Beth looked down at her. “Something on your mind?”
“I remember what a media circus it was when I went to prison. I was just wondering.”
“Why there wasn’t a media army camped outside on your return?”
“Yeah.”
“The easy answer is you’re old news. It’s been two years. And every day there’s some national or international crisis, big company collapsing, people getting blown up, or some psycho with automatic weapons and body armor gunning people down at the local mall. And since you’ve been away hundreds of newspapers have folded, existing ones have cut their staff in half, and the TV and radio folks usually chase stuff far more bizarre than you to get the big ratings. But just in case, I sort of pulled a reverse strategy on the media grunts.”
Mace sat up. “What do you mean?”
“I offered to make you available to them for a full interview. I guess they figured if it was that easy, why bother?”
“That’s pretty slick, Beth. Busy day today?”

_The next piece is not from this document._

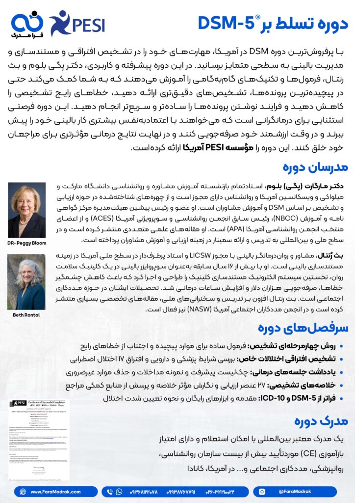 دوره تسلط بر DSM-5، هم اکنون در آکادمی آموزشهای بینالمللی فرا مدرک به زبان فارسی ارائه شده است.

“Nope, didn’t you hear? Last night all crime miraculously went away.”
Mace showered and changed and checked her hair, face, and clothes in the mirror. Then she got mad at herself for even doing this. No matter what she looked like, her mother would find something wrong with her appearance. And frankly, it would be easy pickings for the woman.
Minutes later she fired up the Ducati. Immediately, Blind Man started howling from behind the door. She smiled and revved the gas. Soon she was heading due west, left D.C. proper, and entered Virginia over Memorial Bridge. As she cut in and out of traffic, Mace started to think about the upcoming encounter with the woman who had given birth to her over three decades ago.
Part of her would take prison again over that.